The TRF receiver was patented in 1916 by Ernst Alexanderson. His concept was that each stage would amplify the desired signal while reducing the interfering ones. All tuned stages of the radio must track and tune to the desired reception frequency. This is in contrast to the modern superheterodyne receiver that must only tune the receiver's RF front end and local oscillator to the desired frequencies; all the following stages work at a fixed frequency and do not depend on the desired reception frequency.
Antique TRF receivers can often be identified by their cabinets. They typically have a long, low appearance, with a flip-up lid for access to the vacuum tubes and tuned circuits. On their front panels there are typically two or three large dials, each controlling the tuning for one stage. Inside, along with several vacuum tubes, there will be a series of large coils. These will sometimes be tilted slightly to reduce interaction between their magnetic fields.
A problem with the TRF receiver in the time of triode vacuum tubes was that interelectrode capacitance (the so-called Miller capacitance) can cause instability and oscillation. In 1922, Louis Alan Hazeltine invented the technique of neutralization which uses additional circuitry to stabilize the amplifier. Neutralization was used in the popular Neutrodyne series of TRF receivers. The later development of the tetrode vacuum tube reduced the Miller capacitance and consequently improved stability.
How it works
A TRF receiver consists of three sections:
- One or more tuned RF amplifier stages. These amplify the signal of the desired station while rejecting all other signals picked up by the antenna
- a detector, which extracts the audio (modulation) signal from the radio carrier signal.
- optionally, one or more audio amplifier stages which increase the power of the audio signal.

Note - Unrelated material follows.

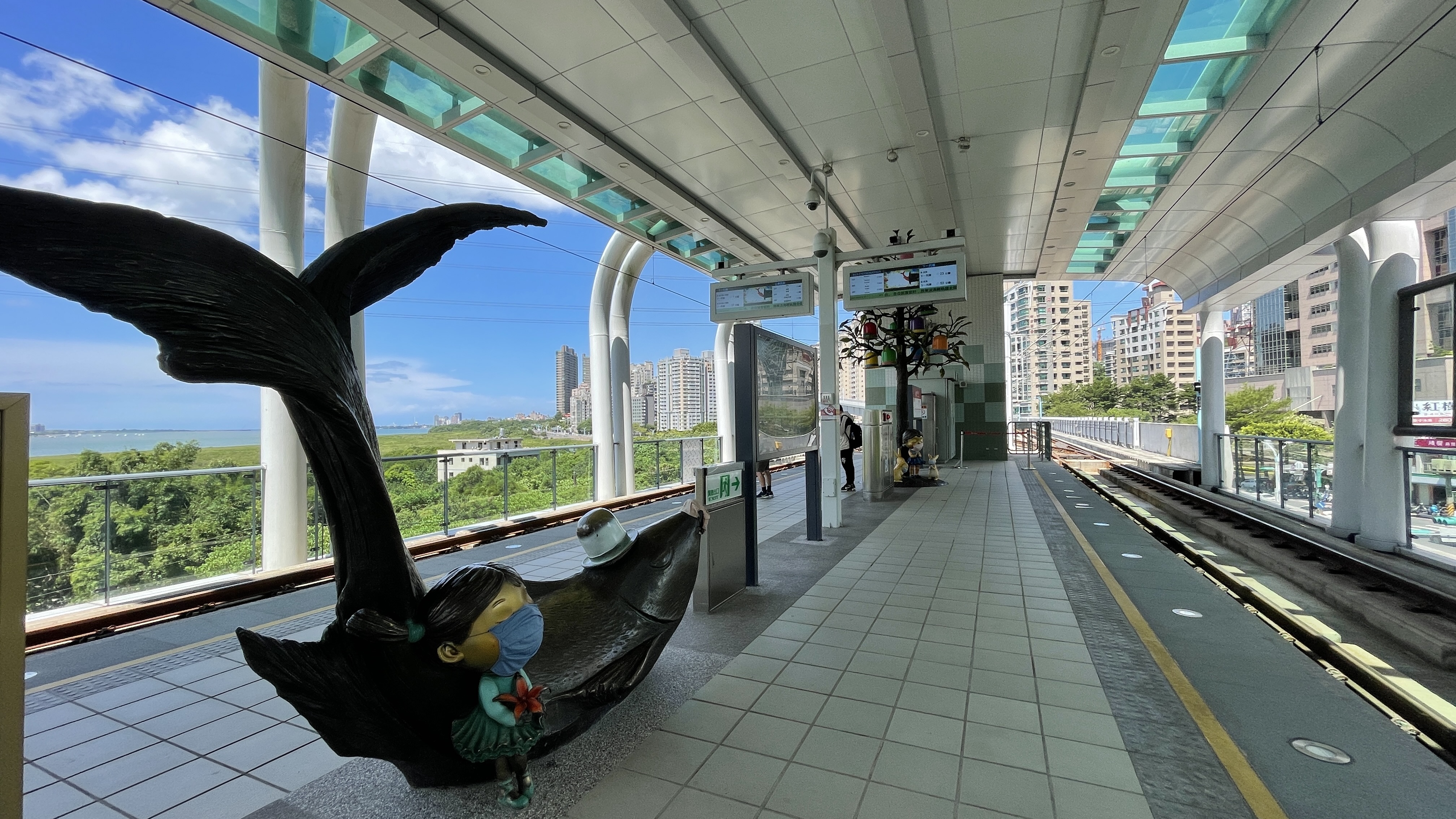 From Taipei City, one can easily hop on and take the red line towards Tamsui – but instead of taking the train to the Tamsui stop, stop at Hong Shu Lin instead. When at the station, change to the Danhai Light Rail (you will need to tap your card before entering the light rail). It will take approximately 30 minutes from Hong Shu Lin to the final destination, Tamsui Fisherman’s Wharf. Note that this is a longer journey than heading to Tamsui and changing over to the local bus, but take this route if you’re not tight on time. Apart from having a pleasant view, you can also see the different sculptures by Jimmy in each of these stations.

Each tuned RF stage consists of an amplifying device (tube or transistor) and a tuned circuit which performs the filtering function. In the classic TRF receivers of the 1920s, the amplifier was a triode vacuum tube. Between each pair of stages was an air-core RF coupling transformer which served to couple the signal from the plate circuit of one tube to the input grid circuit of the next tube. One of the windings of the transformer had a capacitor across it to make a tuned circuit. A variable capacitor was used, with a knob on the front panel to tune the receiver. Each RF stage had to be tuned to the same frequency, so the capacitors had to be tuned in tandem when bringing in a new station. In later sets the capacitors were mounted on the same shaft, or had a mechanical linkage so that the radio could be tuned with a single knob. The RF stages usually had identical circuits to simplify design.
The detector was usually a grid-leak detector, consisting of a triode tube biased near cutoff so it would only conduct on the positive half of the RF cycles. Some sets used a crystal detector (semiconductor diode) instead. Occasionally, a regenerative detector was used, to increase selectivity.

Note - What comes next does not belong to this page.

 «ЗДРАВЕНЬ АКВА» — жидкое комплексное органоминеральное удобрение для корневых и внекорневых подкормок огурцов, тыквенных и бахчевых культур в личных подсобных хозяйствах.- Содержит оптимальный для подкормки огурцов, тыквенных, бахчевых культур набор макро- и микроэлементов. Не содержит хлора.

Some TRF sets that were listened to with earphones didn't need an audio amplifier, but most sets had one to three transformer-coupled or RC-coupled audio amplifier stages to provide enough power to drive a loudspeaker.

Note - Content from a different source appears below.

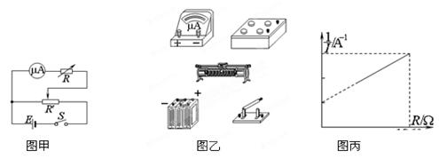 ④若操作过程中得到如图丙所示的(1/I—R)图线,若已知斜率为k,纵截距为b,则根据图线,求得电流表内阻Rg=?(请用字母表示);

This schematic diagram shows a typical TRF receiver. This particular example uses six triodes. It has two radio frequency amplifier stages, one grid-leak detector/amplifier and three class ‘A’ audio amplifier stages. Generally, two or three RF amplifiers are required to filter and amplify the received signal to a level sufficient to drive the detector stage. The detector recovers the audio frequency signal from the modulated RF signal, and the audio stage amplifies the information signal to a usable level. The final stage was often simply a grid-leak detector.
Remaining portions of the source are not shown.